Jurrion Dickey

No. 42 – Diablo Valley Vikings
- Position: Wide receiver
- Class: Sophomore

Personal information
- Born: June 15, 2005 (age 21) East Palo Alto, California, U.S.
- Listed height: 6 ft 3 in (1.91 m)
- Listed weight: 210 lb (95 kg)

Career information
- High school: Menlo-Atherton (CA) Valley Christian High School (San Jose, CA)
- College: Oregon (2023–2024); Diablo Valley (2025–2026); Midland University (2026-present);
- Stats at ESPN

= Jurrion Dickey =

American football player (born 2005)

Jurrion Dickey (born June 15, 2005) is an American football wide receiver for the Diablo Valley Vikings. He previously played for the Oregon Ducks football team.

==Early life==
A native of East Palo Alto, California, Dickey attended San Jose Valley Christian High School before transferring as a senior to Menlo-Atherton High School. He was rated as a five-star player and rated by 247Sports as the No. 13 overall player in the 2023 college football recruiting class. He was ranked as the No. 2 wide receiver by 247Sports, No. 5 by ESPN.com, and No. 7 by Rivals.com. He received scholarship offers from numerous college football programs, including Georgia, Miami (FL), Oregon, Tennessee, Texas A&M, UCLA, USC, Washington, and Wisconsin. The San Francisco Chronicle wrote a feature story in March 2023 about Dickey's experience in the "Wild West of NIL".
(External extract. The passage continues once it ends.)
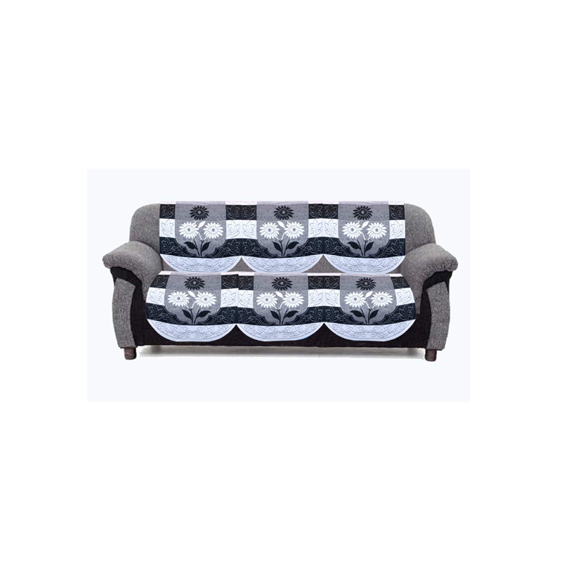 Kuber Industries Flower Cotton 2 Piece 3 Seater Sofa Cover (Black) - Ctktc22245

Dickey sustained an injury that resulted in him missing much of his senior year. He appeared in only four games as a senior, totaling 20 catchers for 453 yards and six touchdowns.

==College football==
Dickey committed to Oregon in May 2022 and signed his letter of intent in December 2022. Upon joining the Oregon Ducks in the summer of 2023, he asked for and received jersey No. 99 at Oregon. Oregon wide receivers coach Junior Adams noted: "He wanted 99, so he got 99. If you know Jurrion, that's Jurrion. I've never had a 99 in 20 years, it's a first." He later changed his jersey to #13. Dickey enrolled at Midland University, a Nebraska-based NAIA program competing in the Great Plains Athletic Conference (GPAC), on January 15, 2026.